[PATCH] Support different salinity in planner

Linus Torvalds torvalds at linux-foundation.org
Thu Nov 13 10:11:59 PST 2014


On Thu, Nov 13, 2014 at 1:20 AM, Robert Helling <helling at atdotde.de> wrote:
>
> Of course, I don’t know about you, but I myself don’t take a yard stick to
> the water but rather used depth gauges (e.g. my dive computer) that pretend
> to measure depth but in reality measure ambient pressure (and don’t take
> into account the salinity). So what we call “depth” in diving is, most of
> the time, actually not really depth but “effective depth” being the pressure
> equivalent depth assuming some standard diving liquid.

Yes. From a dive-computer reported deco standpoint, this doesn't
matter, since all that matters is the pressure it actually measures.

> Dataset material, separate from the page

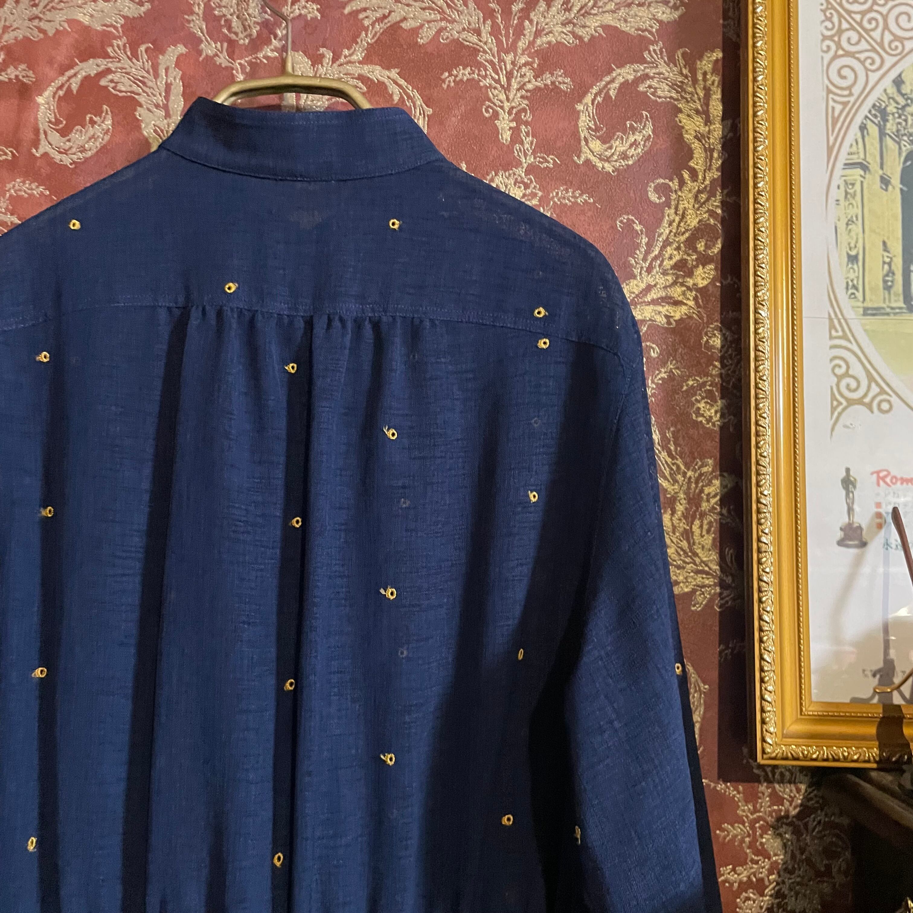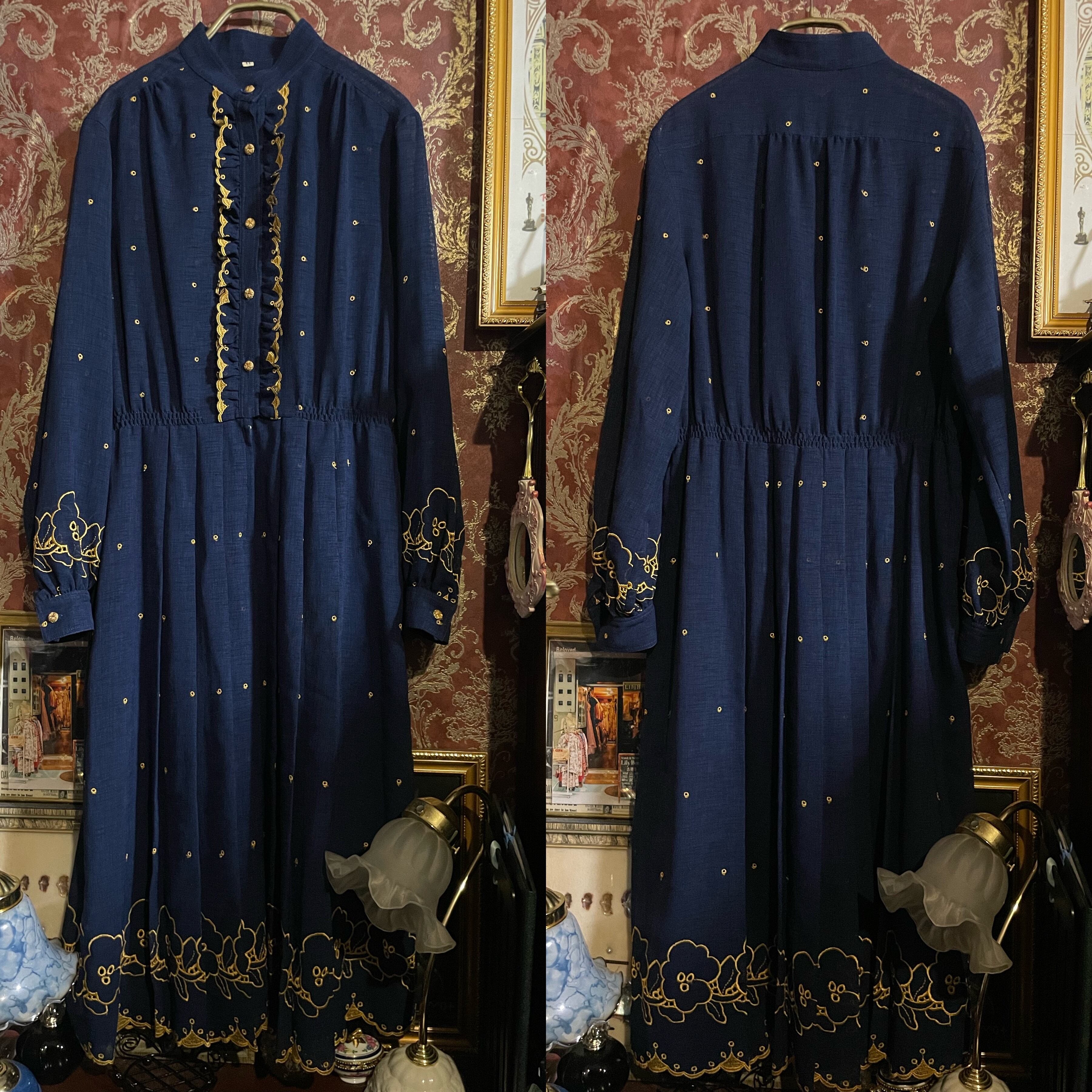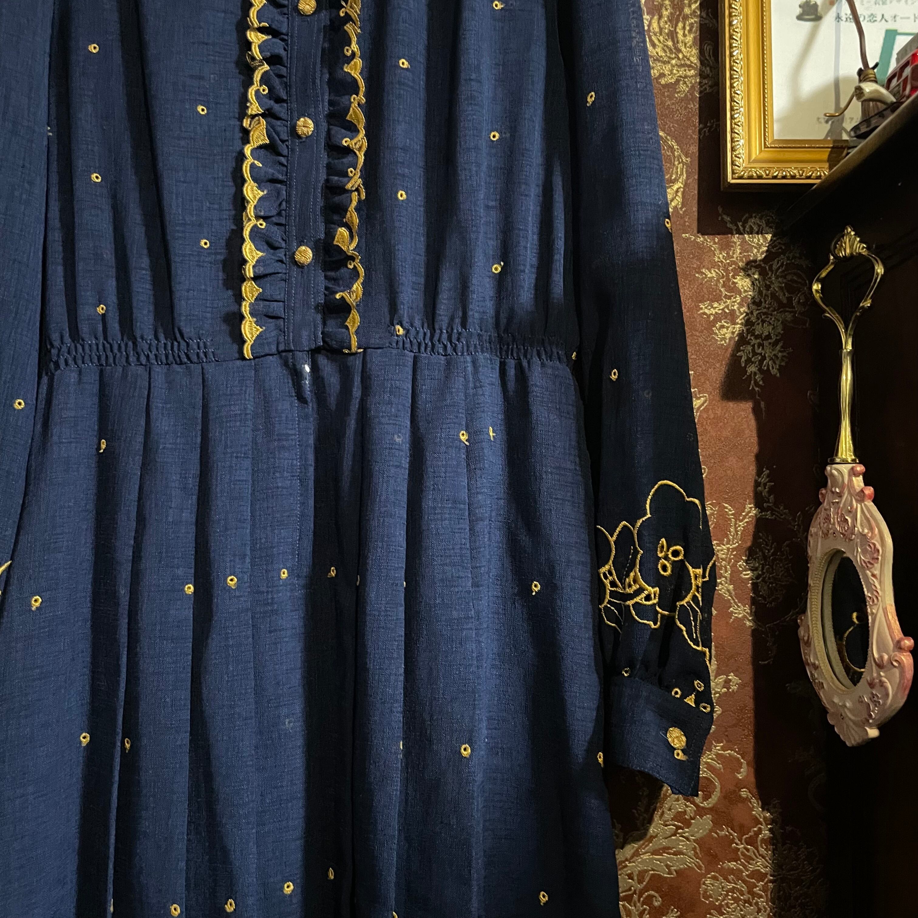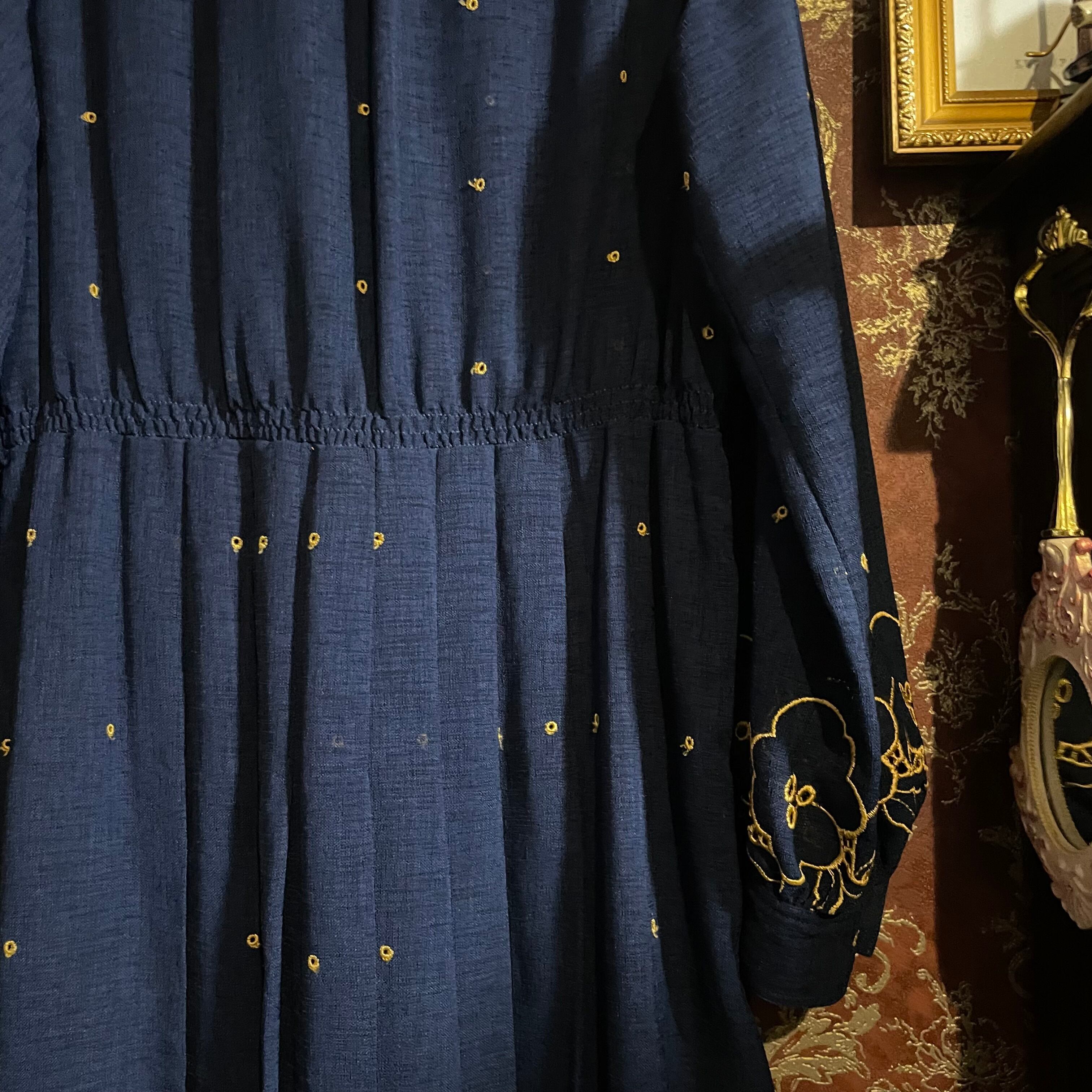 紺をベースにゴールドの刺繍が美しいヴィンテージワンピースです。

Many dive computers can be set into fresh/salt water modes, though,
and I wonder if that actually ends up changing the depth they show.
The difference is small enough that it likely doesn't really matter,
and there are arguments for either case (most notably: I've never seen
a fresh water dive table - it would be easy to create, and for all I
know they exist, but this is an example of where taking "fresh water"
into account actually ends up being really really confusing and adding
a lot of unnecessary infrastructure).

Personally, I believe that for diving, "fresh-vs-salt water" should be
considered purely a note for the log, the way "boat vs shore" is, and
not really change the calculations. It only adds room for confusion
and error, and there are no real upsides to taking it into account.

The problem is exactly that you don't know where the salinity has
actually been used and whether you're actually correcting for
something or not.

So if a dive computer actually gives us a salinity value, we do use
that for pressure calculations, since we assume that the dive computer
has used it for the depth conversion. But I really don't know if dive
computers actually do that. I guess we could check with the OSTC.